THE rise of ride-sharing services in the Philippines does not come as a surprise to me, especially in Metro Manila where many people commute to and from work. In 2013, Metro Manila was recognized as one of the 20 largest megacities in the world. It is reported to have a night-time population of 11.8 million and an estimated daytime population of 16 million. Many of those working in the Makati and Quezon City areas live at the opposite ends of EDSA, even as far as Bulacan, Cavite, Laguna, and Rizal. In consequence, there are massive daily movements that clog major roads.
The wave of support from the commuting public for ride-sharing services like Uber and Grab reflects the need for better service and security in the current transport system. However, the challenge goes beyond which mode of transport is more preferred. We need to look at all possible options and we need all of them to be efficient, if the goal is to move millions of people in and out of Metro Manila.
The supply and demand of transportation
When we talk about transportation supply, we refer to the different modes of urban transportation systems, including: walking, biking, mass transportation (e.g. buses, ferries, and commuter rail transit, among others), and last are private cars. Transport modes also include heavy rail transit, trucks, and industrial water transport for the movement of goods, which also have significant impact on our economy.
On the other hand, when we talk about the demand side of transportation we are referring to the total need for mobility, kind of use of mobility (leisure, fast-paced, exercise, etc.), and traffic impact of existing land use and zoning.
There is a need to understand first what the demand side of transportation is. The truth is, even ride-sharing services contribute to traffic because it only allows one to six passengers at a time, as compared to high-capacity vehicles like buses and trains, which means we will need more ride-sharing vehicles on the road in order to move more people. In order to improve the mobility in Metro Manila, there is a need to balance both transportation supply and transportation demand. It cannot be one over the other.
Land use and zoning issues
When an employee needs to travel three hours just to go to work, in the eyes of an urban planner, this is a big problem. There are two general insights from this: He is priced out and cannot afford to live nearer his work, and it is the best work he could find because his locality does not offer that same opportunity. If we multiply this sentiment to a million more people, we will see the reality of citizens from Bulacan and Laguna traveling all the way to Quezon City and Makati to work. And even those from Quezon City and other parts of Metro Manila, travel back and forth to Makati. The result is dreadful traffic all over the metropolis.
If we look at our city from a bird’s eye view, we still see the segregation of social classes. The rich live within gated communities near the central business districts while the average employee lives much farther from places of work.

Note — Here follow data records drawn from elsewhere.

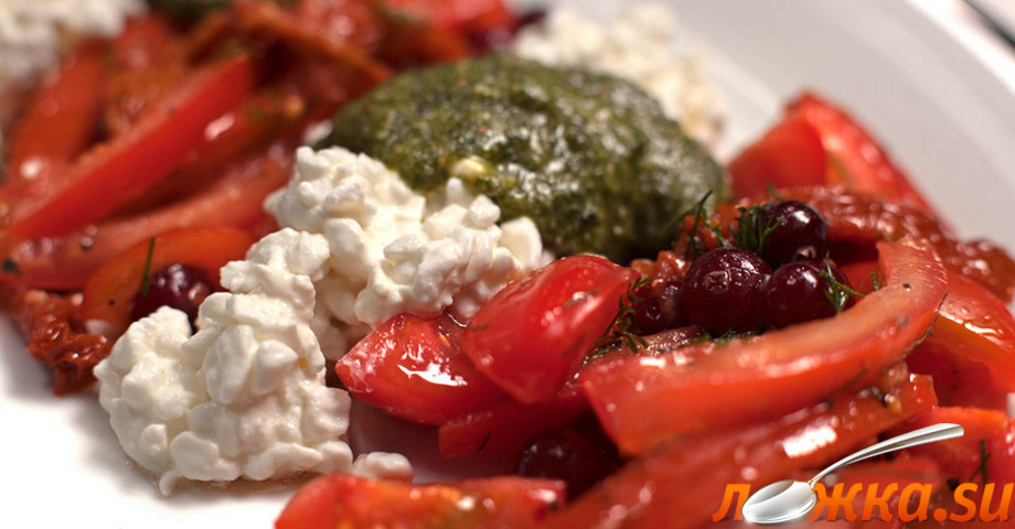 Выкладываем томаты на тарелку, чередуя с зернистым творогом. Добавляем песто.
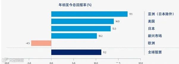 纵观2020年,表现最好的地区是亚洲地区 (除日本以外),因为亚洲国家对疫情采取有效的控制措施,更早重启经济。紧随其后有美国,它的科技、电子商务和在线服务公司等概念股股价暴涨。
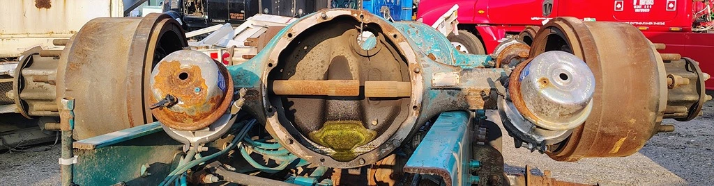 USED: USED Eaton Front Rear Axle Housing, DSS40, 10 Hole Pilot, Air Drum Brakes, ABS, 12 Hole Flange. P/N 307892. Torque Rod Brackets Removed.

From 1989, Makati CBD increased densities, floor area ratios, and building heights four times. However, it has not increased the access, transportation, and parking capacities four times. Some of the gated communities have not opened their gates to share their underutilized roads to pedestrians, bicycles, and motorists to alleviate the congestion of EDSA and improve access to and from Makati CBD. The same seems to be happening at the Ortigas Center, surrounded by gated communities for the rich.
This phenomenon is not unique to Metro Manila. It was also a major issue for London, New York, Singapore, Seoul, and Hong Kong back in the 1970s. In a forum on city planning that I attended in Boston in the late 1990s, it was shared with us participants that having big houses in the heart of the central business district takes away opportunity for families to live in the area. In the economics of supply and demand, as demand goes up but supply does not, then prices goes up. This is why real estate values in central business districts become very expensive. Having low-density residential development, and even low-density commercial development, greatly contributes to the scarcity of the housing stock. It pushes the real estate value to go up further, but diminishes the supply.
In a gated subdivision at the heart of a central business district, one hectare of land can only accommodate large houses of four families. But by building higher and making it into a multi-family dwelling or condominium, one hectare of land can provide dwelling units for up to 200 families or even more.
Today, in the cities of London, New York, Singapore, and Hong Kong, central business districts discourage low-density development. The rich, even the politicians, rent condominiums, townhomes, apartments, and build their big houses in the suburbs.
Encouraging mixed-use and vertical urbanism prevents development from sprawling into green open spaces. Each building can accommodate more habitable spaces for families as well as integrating places to work, learn, shop, dine, play, and worship, among others. Even with Hong Kong’s density, preserving 70 percent of its land area as open and green space is possible because of more mixed-use and vertical developments.
By promoting a land use and zoning of mixed-use and vertical urbanism, there will be more options for affordable dwelling units near one’s place of work. This means less travel time and less dependence on cars. It is also easier to interconnect buildings with elevated walkways; and easier to implement intermodal and integrated mass-transportation systems. We also preserve green and open spaces as lungs of the city.
In future articles, I hope to share with you the recommendations on best practices and revolutionary ideas on transport and land use that I have put forward to the government, developers, and civil society.